In general, the sooner you start to have money conversations with your kids, the best. And the good news is that the majority of American parents have these discussions: more than half, or 56%, according to Chase Slate. 2018 Credit Outlook Survey.
But most parents skip a key financial term, according to the survey: Only 32% of parents explained what a credit score is.
- Payment History (35%): Paying off your past debts, whether credit card or mortgage debt, is the most important factor, as it helps determine how you will handle your future payments . You want make consistent and on-time payments to improve your credit or maintain a good score.
- Amounts Due (30%): This category is credit usage, which is the ratio of the amount you spent on your credit card to the card limit. Ideally, you want to use less than 30 percent of your available credit.

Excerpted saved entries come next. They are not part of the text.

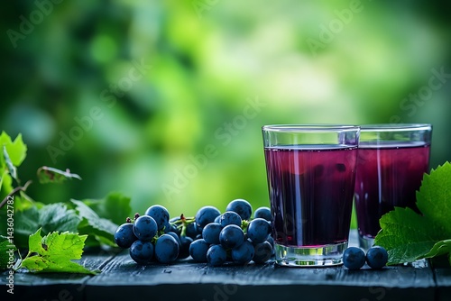 Refreshing Grape Juice in Glasses with Grapes and Green Leaves on Black Wood
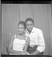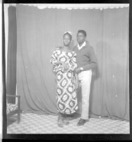 657. EAP449/2/22/657 Reference (shelfmark): EAP449/2/22/657 Title: Full portrait of a couple, a woman standing wearing a camisole, a full length loincloth skirt and a headscarf, with a man standing wearing a black t-shirt, a watch and pants, facing sideways Collection Area: Endangered Archives Programme Languages: Not applicable Date Range: 2nd half od the 20th century Extent: 1 TIFF image
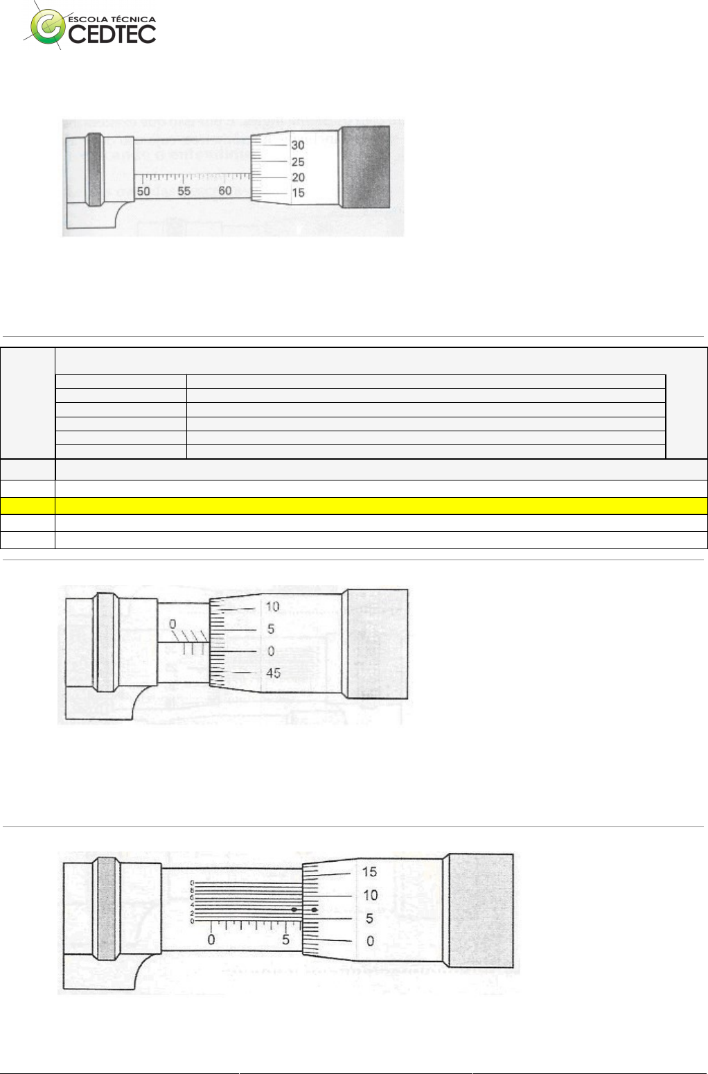 REVISÃO DE SIMULADO Nome: ALEXANDRE CORREIA DA SILVA Disciplina: Metrologia Respostas corretas são marcadas em amarelo X Respostas marcardas por você. Questão 001 Marque a alternativa correta que corresponde a leitura do instrumento abaixo. A) 63,71 mm B) 66,21 mm C) 65,71 mm D) 64,71 mm X E) 63,21 mm Questão 003 Marque a alternativa correta que corresponde a leitura do instrumento abaixo: A) 4,20 mm B) 3,12 mm X C) 3,02 mm D) 3,20 mm E) 6,20 mm Questão 004 Marque a alternativa correta que corresponde a leitura do instrumento abaixo: X A) 6,043mm B) 6,430mm C) 6,703mm Questão 002 Marque a alternativa correta que corresponde a relação dos componentes do micrômetro enumerados da segunda coluna de acordo com a primeira coluna. 1-Isolante térmico ( ) Construído de aço temperado retificado para garantir a exatidão do passo da rosca 2-Arco ( ) Feito em aço especial fundido e tratado para eliminar tensões internas 3-Fuso micrométrico ( ) Permite imobilizar o fuso numa medida predeterminada 4-Tambor ( ) Assegura uma pressão de medição constante 5-Catraca ( ) Onde se localiza a escala centesimal 6-Trava ( ) Isola a transmissão de calor das mãos para o instrumento A) 6, 5, 4, 3, 2 e 1 B) 1, 2, 3, 4, 5 e 6 X C) 3, 2, 6, 5, 4 e 1 D) 6, 2, 5, 4, 3 e 1 E) 4, 3, 6, 5, 2 e 1 23/06/2024 12:54:54 1/3 D)Questão 005 Marque a alternativa correta que corresponde a leitura do instrumento abaixo: A) 31,535 mm B) 35,535 mm C) 31,500 mm D) 29,535 mm X E) 30,035 mm Questão 006 Marque a alternativa correta que corresponde a leitura do instrumento abaixo: A) 0,140” B) 0,175” C) 0,275” D) 0,114” X E) 0,214” Questão 007 Marque a alternativa correta que corresponde a leitura do instrumento abaixo: X A) 0,0779” B) 0,0829” C) 0,0878” D) 0.0709” E) 0,0889” 7,043mm E) 7,073mm 23/06/2024 12:54:54 2/3 Questão 008 Marque a alternativa correta que corresponde a leitura do instrumento abaixo: A) 1,78 mm; B) 5,78 mm; C) -2,78 mm; D) 2,78 mm; X E) -3,78 mm; Questão 009 Marque a alternativa correta que corresponde à leitura do instrumento abaixo: A) 10º 45’ B) 12º 45’ X C) 11º 30’ D) 9º 55’ E) 11º 50’ Questão 010 Marque a alternativa correta que corresponde a leitura do instrumento abaixo: A) 25º 15’ B) 15º 25’ X C) 14º 15’ D) 5º 20’ E) 20º 15’ 23/06/2024 12:54:54 3/3 10mv1e25.png tenpnpv0.jpeg qx04pjut.jpeg v0ibzz21.jpeg yczlfe4e.jpeg 1dfetkii.jpeg 3sl5tcpz.jpeg k0qbc03l.jpeg fw2j5i0r.jpeg oyjazvku.jpeg
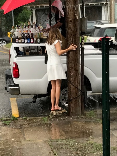 While we were standing there, a float arrived claiming to be the Big Chief’s float, and some generous souls stood at the railing handing out half pints of some kind of clear liquor, and when those ran out, Mardi Gras beads. Not wanting to intrude, Loquacia and I had to settle for refreshments provided by street vendors.
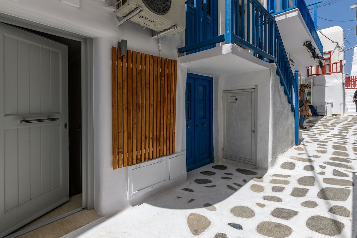 Un apartamento de dos pisos recientemente renovado ubicado en el corazón de la ciudad de Miconos con vistas al mar Egeo. Te ofrece los privilegios del centro con la tranquilidad de un barrio tranquilo.
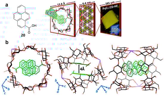 (a) Chemical structure of 1-pyrene carboxylic acid 20 and schematic representation of CPL emission for 20/γ-CD-HF; (b) solid-state X-ray diffraction of 20/γ-CD-HF [].

- Length of credit history (15%): How long you’ve had an account open and the time since your last transaction also affects your score. New credit users may have a harder time getting a high score because there is less payment history data available.
- Credit Breakdown (10%): Your score takes into account the types of credit you use, such as credit cards, retail accounts, installment loans, and mortgages.
- New credit (10%): opening new credit cards, especially all at once, and if your history is not established, may count against you. Too many difficult requests, such as those that arise when you apply for an apartment or sign up for a new card, can affect your score, while informal requests, such as a background check, do not.
Besides the credit score, read other important information money concepts and habits to teach your kids.